Il merito della questione

Ma se il Partito Democratico querelerà davvero Beppe Grillo sembra un altro il punto più debole della questione. La frase contenuta nel post. Sostengono Renzi e Bonifazi che “Grillo non si è limitato alle polemiche, anche dure. Ha detto che su questa vicenda il Pd ‘è colluso e complice. Tutti con le mani sporche di petrolio e di soldi”. La frase nel post però, in quel punto, sembra riferirsi più al governo che al Partito Democratico:

La Guidi chiese l’avvallo della Boschi che – per blindarlo e assicurarsi che tutto andasse come doveva – inserì l’emendamento incriminato nel testo del maximendamento su cui poi, con il consenso del Bomba, pose la questione di fiducia.
Un meccanismo perfetto ai danni dei cittadini. Tutti collusi. Tutti complici. Con le mani sporche di petrolio e denaro.
Ora si capisce perchè il Pd ed il governo incitano illegalmente all’astensione sul referendum delle trivelle in programma il prossimo 17 aprile: intacca gli interessi delle compagnie petrolifere e tutela i cittadini e l’ambiente. Il Bomba non può permetterlo.

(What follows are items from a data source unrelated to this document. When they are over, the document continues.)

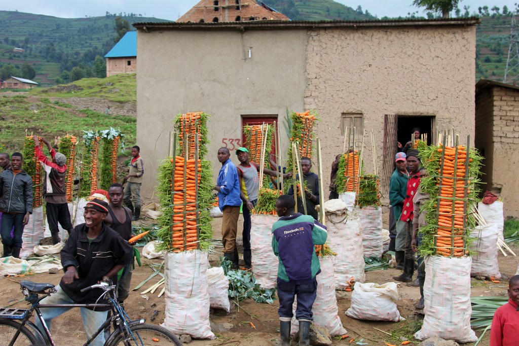 Quickly my viewing and photographing the people of Rwanda made me grow more and more uneasy.   It soon felt wrong.  I was here to photograph the gorillas not to be a voyeur, dropping in from the US, taking pictures of the native people from the comfort of our modern jeeps.  One particularly strange episode was when we were riding to Goma to see an orphanage that Jack Hanna supports.   Along the way we paused, and once again, saw the abundance of Rwanda with people bundling up huge sacks of carrots for the market.   I looked and saw no processing machinery nor stainless steel tables, but rather lots of manual labor.  Soon the photo opportunity was over and we arrived in Goma to have our buffet lunch at a western style hotel, chaffing dishes keeping the food warm as we ate at our white linen draped tables.   What a farce.  The haves and have not, we were eating our meal in a fairy tale, while the real Rwanda lay only a few meters away.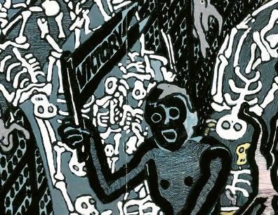 Amongst the conglomeration of figures in the war scenes in Jobkill, we can detect a man waterskiing on a canal filled with corpses, blood and death. He is waving a banner that says “Victory”. Can we imagine a more fitting metaphor for industrialism’s annihilation of the environment or the weapon industry’s many macabre victories? Or a more terrifying glimpse into the future? Does this not echo the victory speech that George W. Bush made on 1 May, 2003, when as Commander-in-Chief of the world’s largest military power, he stood on the deck of the warship USS Abraham Lincoln in the Persian Gulf and declared that the war on Iraq had been won? On the enormous banner behind the president was a slogan that said: “Mission Accomplished”. Perhaps it is not at all strange that the prize-winning war reporter Mark Danner called the Iraq War “The War of the Imagination”.33 Here fantasy confronts fantasy: Mr Push versus Mr Soft. Fantasy and reality merge into one another.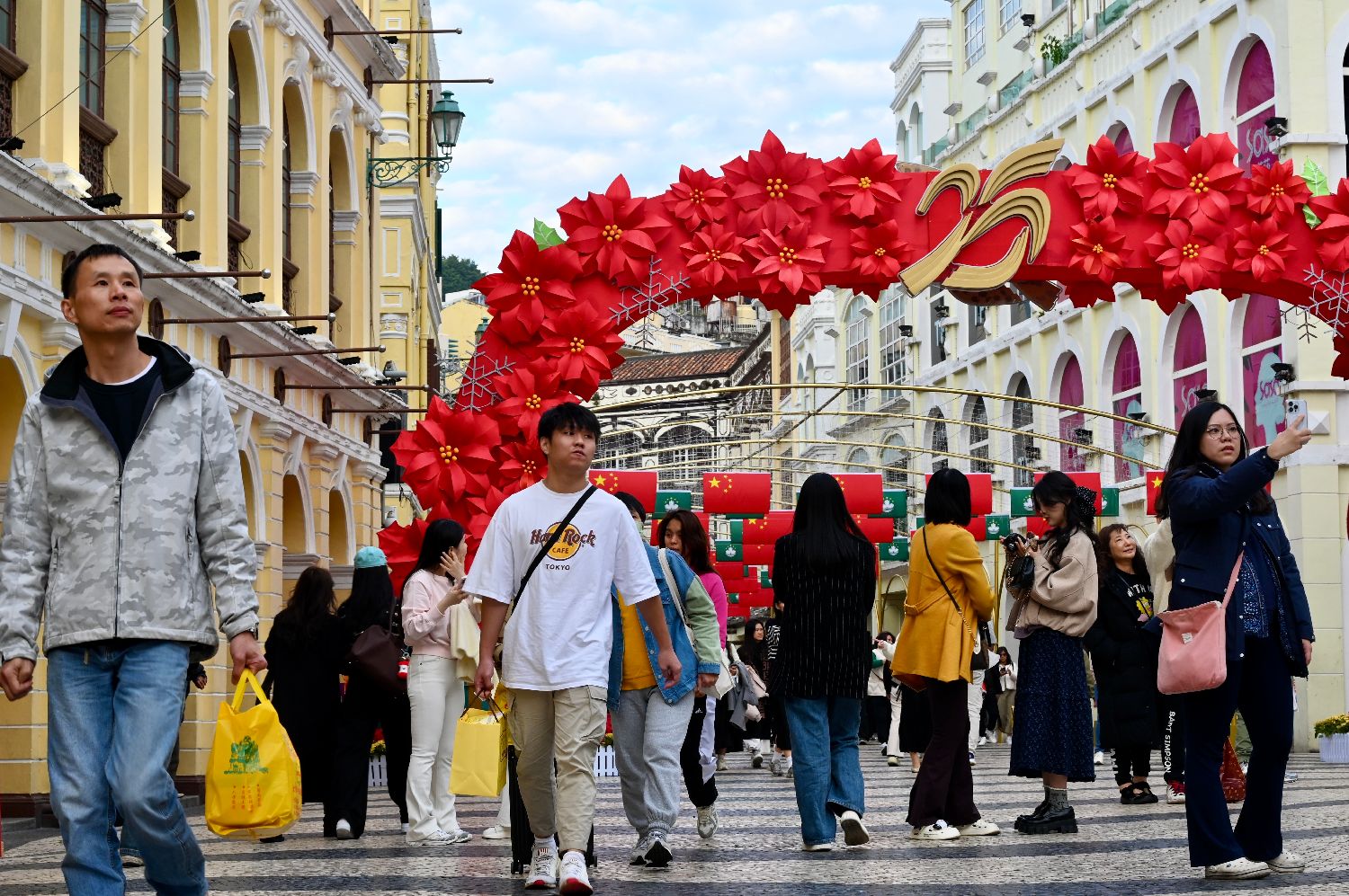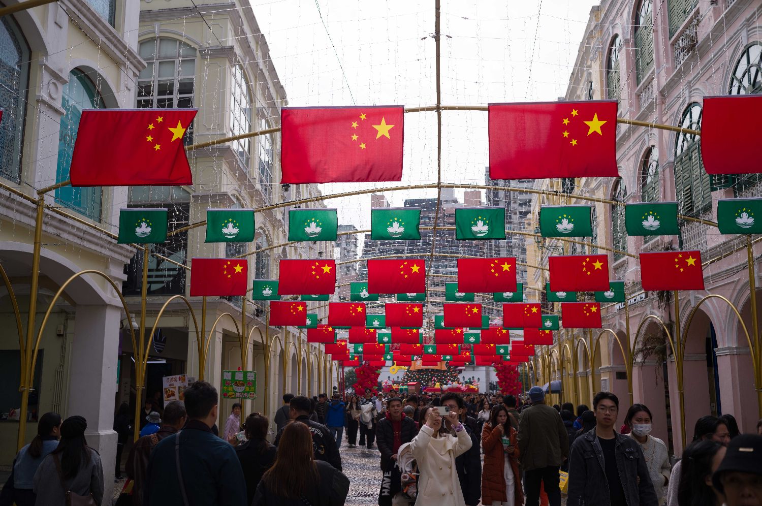 12月16日,澳门议事亭前地迎回归气氛浓厚。中新社
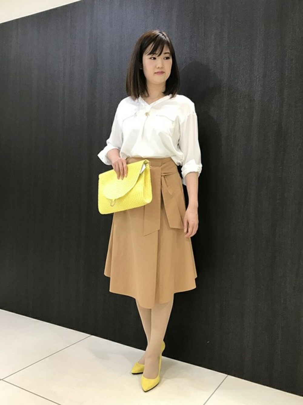 適度な光沢感のあるブラウスに、ヘムラインスカートを合わせ、女性らしいスタイリングにしました。 ウエストのリボンがお腹周りを美しくカバーしてくれます。洗える素材なのも、これからの季節に嬉しいアイテムです。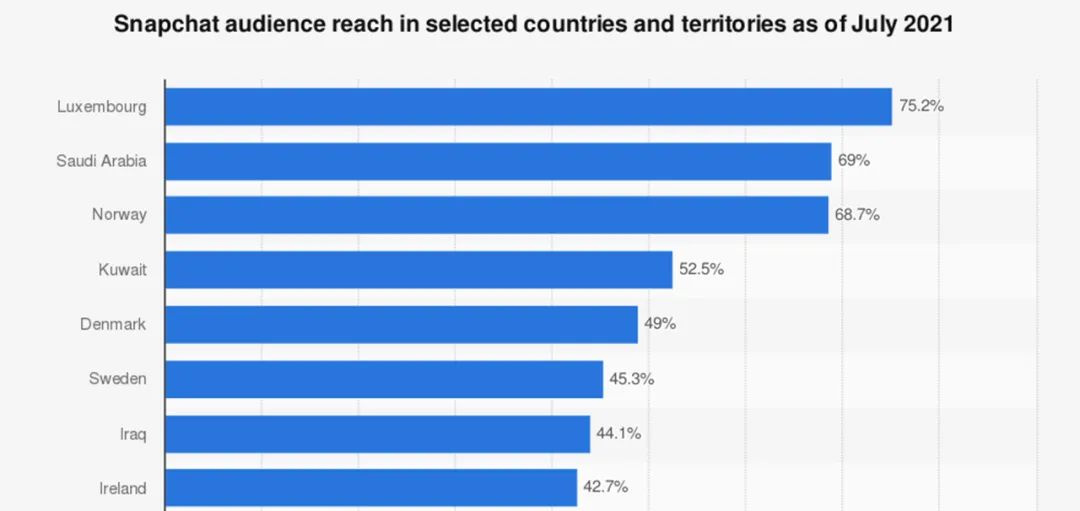 截至2021年7月,从渗透率来说,卢森堡拥有全球最大的Snapchat受众,达到75.2%的人口。沙特阿拉伯以69%的覆盖率排第二,其次是挪威和科威特,分别为68.7%和52.5%。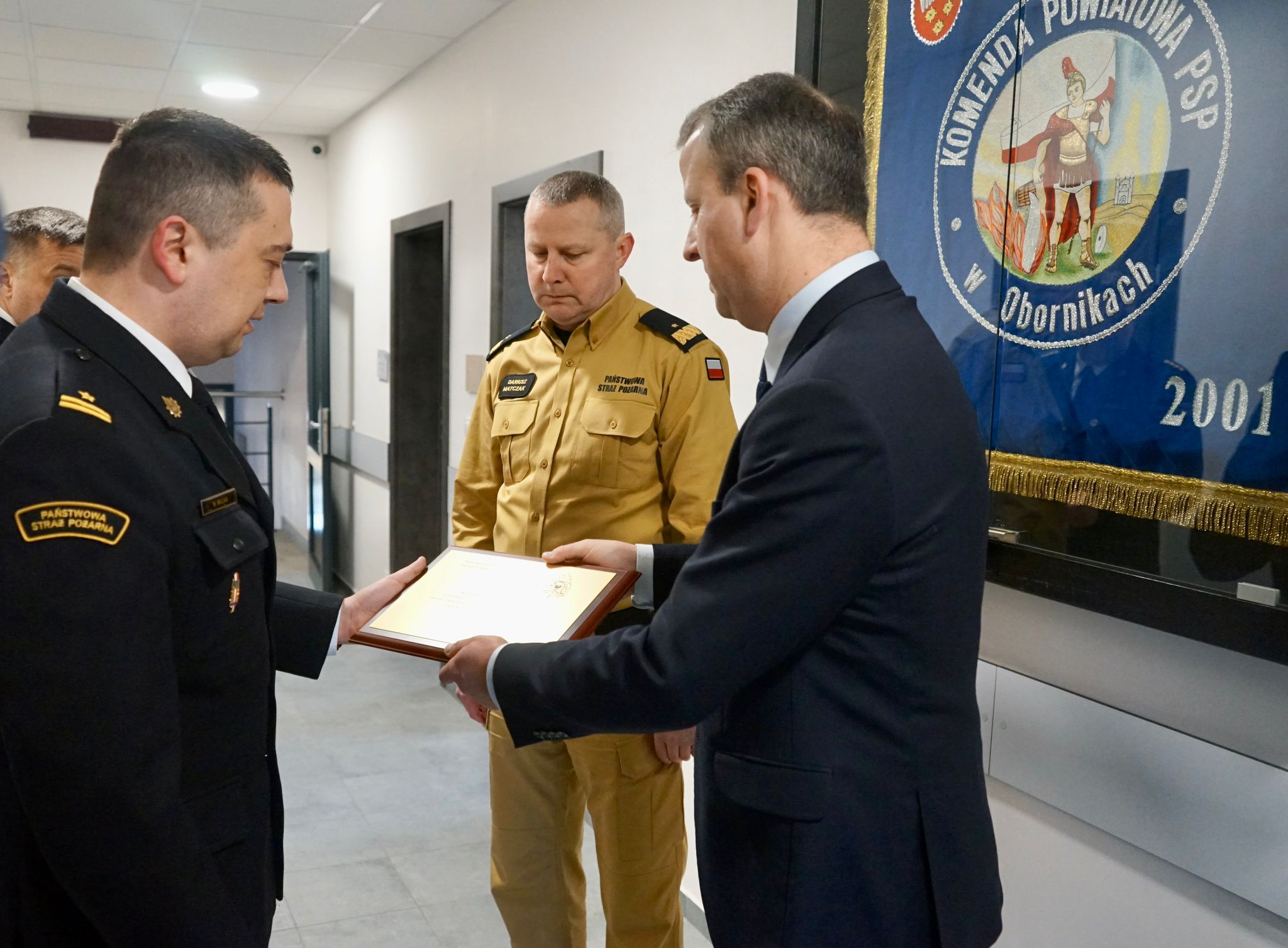 WIZYTACJA WOJEWODY WIELKOPOLSKIEGO WRAZ Z WIELKOPOLSKIM KOMENDANTEM WOJEWÓDZKIM PSP W KP PSP OBORNIKI
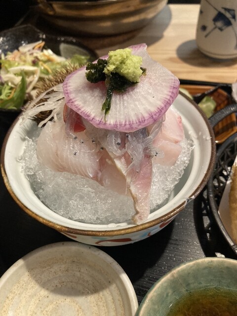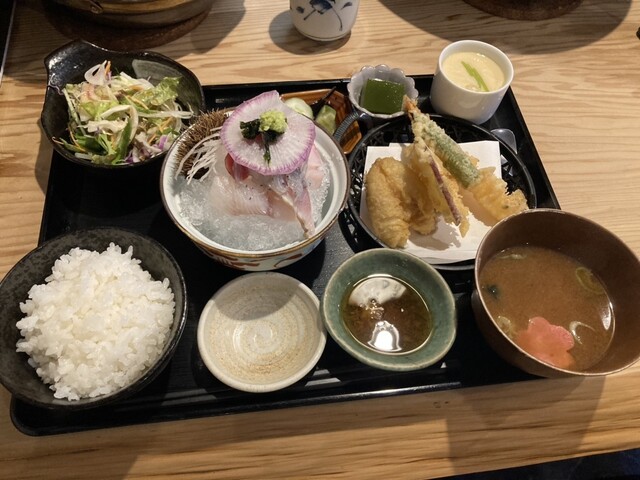 平日の昼訪問です 今回は先客が一人のみ 主人はよくばり天丼 1500円 私はいつもの兆治らんち 1100円 値上がりしました それでもまだまだお安いなと思う額です お刺身は4種、量は少ないですが色々と楽しめるのがいいなといつも思います そして手を掛けた盛り付けが嬉しいです ... 詳細を見る
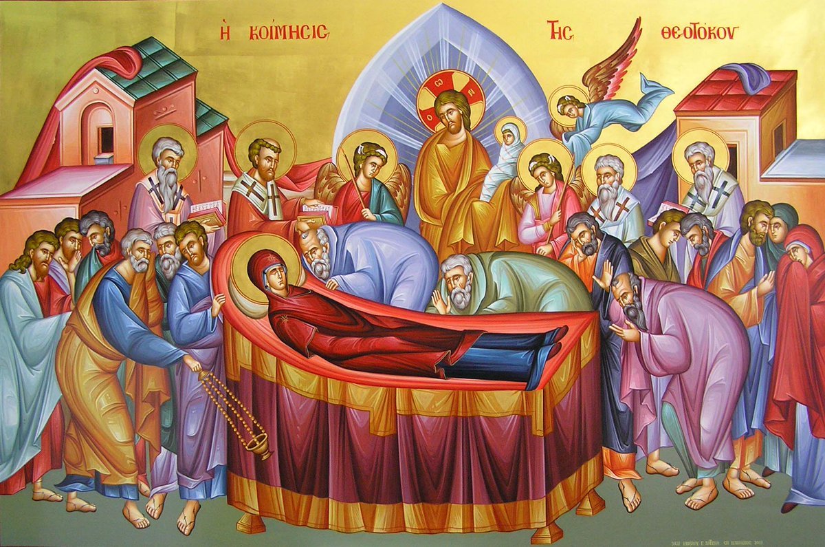 Ἔτσι, ἀπό τίς Παρακλήσεις τῶν πρώτων ἡμερῶν τοῦ Δεκαπενταυγούστου, πού ἐκφράζουμε στήν Παναγία ὅλους τούς καθημερινούς μας πόνους, ἀλλά καί τήν σημερινή ἡμέρα τῆς ἐνδόξου Κοιμήσεώς της, μαθαίνουμε στήν πράξη ὅτι ὁ θάνατος εἶναι θυμηδία καί χαρά, εἶναι ἕνας ἁπλός ὕπνος, ὅτι, δηλαδή, ὁ βραδυνός ὕπνος εἶναι ἕνας μικρός θάνατος, καί αὐτό πού ὀνομάζουμε θάνατο εἶναι ἕνας μεγάλος ὕπνος μέχρι τήν ἡμέρα τῆς ἀναστάσεως τῶν σωμάτων ὅλων τῶν ἀνθρώπων. Καί αὐτό τό πανηγυρίζουμε μέχρι τήν τελευταία ἡμέρα τοῦ Αὐγούστου.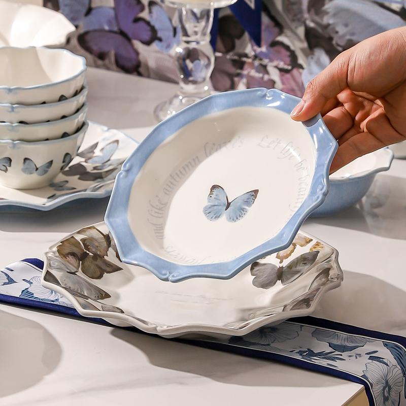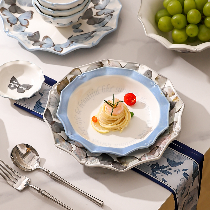 法式奶油风陶瓷碗餐具碗盘套装吃饭碗高颜值轻奢汤碗家用2025新款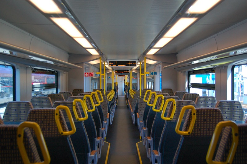 In bijlage een foto die ik van de Desiro ML gemaakt heb op Innotrans (Berlijn), opgelet, in deze foto zijn de rijtuigen iets korter dan de belgische versie en de kleuren van de zetels zijn natuurlijk verkeerd. Hij stond er afgewerkt voor een Duitse spoorwegfirma (Transregio).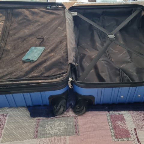 en resväska av modellen Travelers Club Chicago 20-tums hardside spinner. .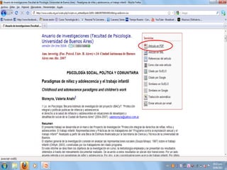 Este documento proporciona información sobre la recopilación bibliográfica y las diferentes herramientas y métodos para realizarla de manera efectiva. Explica cómo utilizar fichas bibliográficas y de lectura para registrar de manera organizada los datos y contenidos de las fuentes. Además, recomienda sitios web académicos confiables como Scielo para realizar búsquedas y encontrar literatura relevante para diferentes temas. Por último, detalla formas adecuadas de citar y referenciar las fuentes utilizadas, como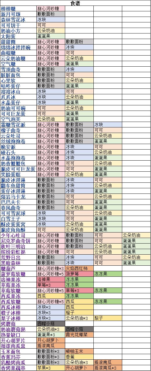 烹饪食材获取方式(普通食材、水果、蔬菜) 种植森林之心;维娜奇商店直购;种植种子收获作物 种子获取方式 维娜奇商店直购;河流漂流物 普通食材获取方式 甜心河砂糖——森林之心种植于甜心河畔的水上 敷敷面粉——森林之心种植于面包森林的水上 冰块——森林之心种植于冰淇淋山洞的山洞天池 可可——森林之心种植于音乐广场的水上 云朵奶油——森林之心种植于蛋糕山的奶油湖 蛋蛋果——森林之心种植于巨蛋谷、鸡窝偷蛋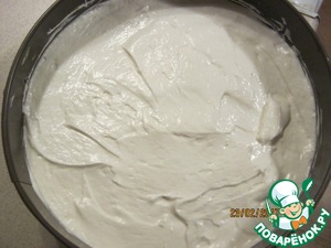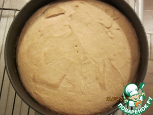 Выложить полученную бисквитную массу в форму, разровнять и поставить в духовку минут на 20 - 25, выпекать до готовности.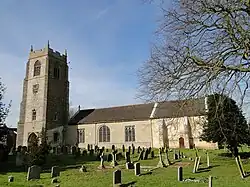 The village war memorial is located within the churchyard; it is Grade II listed. It comprises a stone, Latin cross fleurée with a tall shaft and moulded foot.[4] There is a roll of honour inside the church.[5]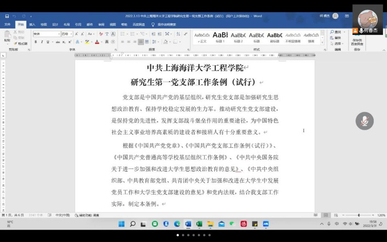 3月31日,3044AM永利研究生第一党支部线上开展3月份的组织生活,会议由支部副书记何睿杰同志主持,支部34名党员同志参会,23名新发展的积极分子同学列席。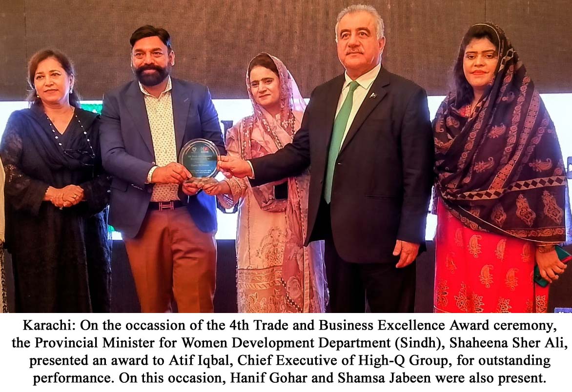 Karachi — On the occassion of 4th Trade and Business Excellence Award ceremony, the Provincial Minister for Women Development Department (Sindh), Shaheena Sher Ali, presented an award to Atif Iqbal, Chief Executive of High-Q Group, for outstanding performance. On this occasion, Chairman Gohar Group Hanif Gohar and Shamsa Jabeen were also present.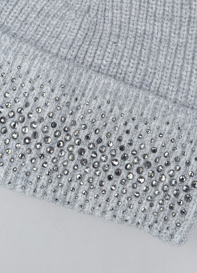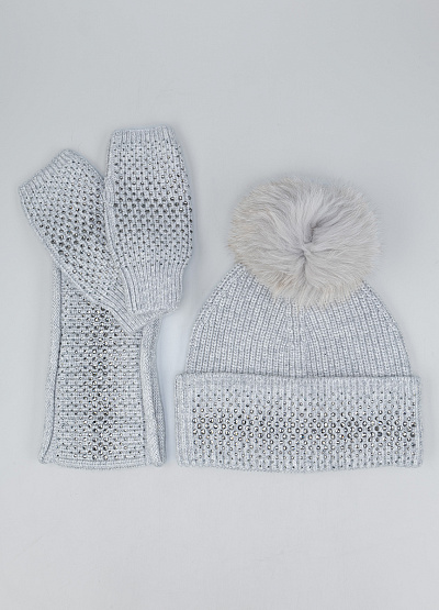 Эффектный зимний комплект из шапки с крупным пушистым помпоном и длинного шарфа — идеальный выбор для тех, кто любит сочетать тепло и стильный блеск. Светло-серая вязаная ткань украшена плотной россыпью страз, которые создают яркий, но при этом элегантный акцент. Шапка хорошо держит форму, мягко прилегает и дарит комфорт в холодную погоду, а шарф обеспечивает надежную защиту от ветра и создает уют при носке.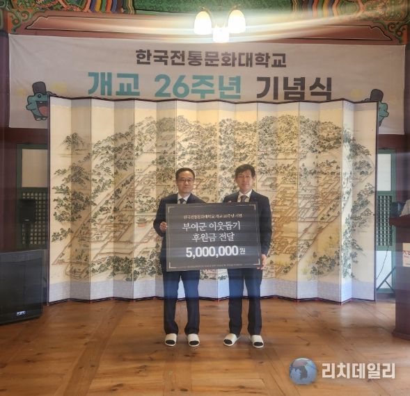 리치데일리 김상현 기자 | 한국전통문화대학교 교직원일동은 개교 26주년 기념행사에서 저소득 가구의 초·중·고 학생 장학금으로 사용해 달라며 이웃돕기 성금 500만 원을 부여군에 기탁했다고 22일 밝혔다.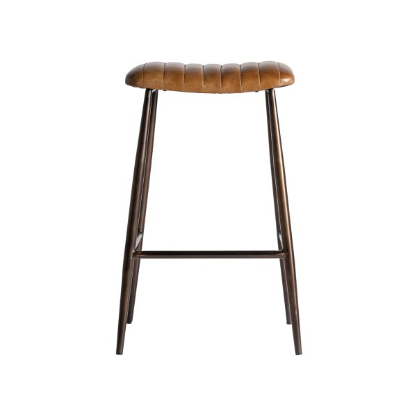 Taburete Snasa de estilo vintage fabricado en piel en color marrón combinado con hierro en color negro.

La frase è riferita in primo luogo al governo e poi al Partito Democratico, di cui si dice – con molta fantasia – che incita all’astensione. Il collegamento non è esplicito anche se è logico: “ora si capisce perché” è una formula che potrebbe costituire l’attribuzione di un fatto determinato, tipica delle diffamazioni, ma anche essere giudicata come “non determinata” e chiamante in causa il governo, e non il PD. Ma soprattutto: il giudice e il pubblico ministero potrebbero anche pensare che tutto questo fa parte della dialettica politica e della critica legittima nei confronti di un avversario politico. Più in generale, rispondere con le querele nel momento in cui si è partito di maggioranza (relativa) e ci si trova al governo non ha invece molto senso. Bisognerebbe rispondere solo con i fatti.